Alfred Nakache did not win a medal in the 1948 Olympic Games, but he did show the world that it was possible to see Hell, and recover, for it is believed he was the only athlete at these Games who had also been in a concentration camp during the Second World War.
Nakache, known as Artem, had been an international-class swimmer. He'd competed for France in the 1936 Games and come fourth as part of the 4x200m Relay team, missing a Bronze medal by just six seconds. In 1941, he set a world record for the 200m Breaststroke, beating the German champion on the way. As a Jewish swimmer, though, he attracted criticism and was restricted from entering races, although many of France's leading swimmers then withdrew themselves in protest at Nakache's treatment.
In January 1944, he, his wife and two-year-old daughter were all arrested and deported to Auschwitz. Of the 1,368 men, women and children who made that journey, only 47 survived. Both his wife and daughter died.

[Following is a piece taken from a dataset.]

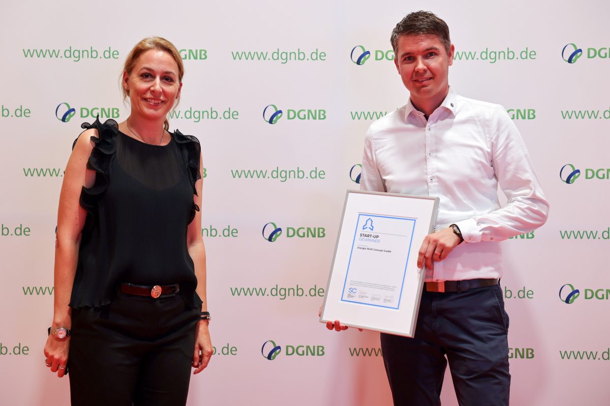 Die Energie PLUS Concept hat sich bei der diesjährigen Sustainability Challenge 2020 der Deutschen Gesellschaft für nachhaltiges Bauen (DGNB) beworben und ist bei insgesamt 80 Bewerbern unter die drei Finalisten in der Kategorie Start-Up gekommen. Nach einem Online-Pitch und einem Online-Voting konnte sich die Energie PLUS Concept gegen die Mitfinalisten durchsetzen. Die Preisverleihung fand am 21.09.2020 im Rahmen des DGNB Tag der Nachhaltigkeit im Hospitalhof in Stuttgart statt . Im Bild übergibt Dr. Christine Lemaitre (Geschäftsführender Vorstand DGNB e.V.) die Urkunde an Prof. Dr.-Ing. Volker Stockinger. Neben 200 Vor-Ort-Besuchern konnten viel Interessierten den Tag im Livestream mit verfolgen.

Towards the end of the war, he was transferred to Buchenwald, yet somehow Nakache not only survived, but found the resolve to return to swimming. Less than a year after the liberation of Buchenwald, he was part of the French team that set a world record in the 3x100m relay. That year, he also became French national champion at butterfly and in the 4x100m relay.
In London, Nakache swam in the 200m breaststroke, reaching the semi-finals. He also played as part of France's water polo team. Having appeared, once more, at the world's greatest sporting event, he ended his swimming career, yet his dedication continues to inspire. His is, perhaps, the most remarkable of all stories from these post-War Games.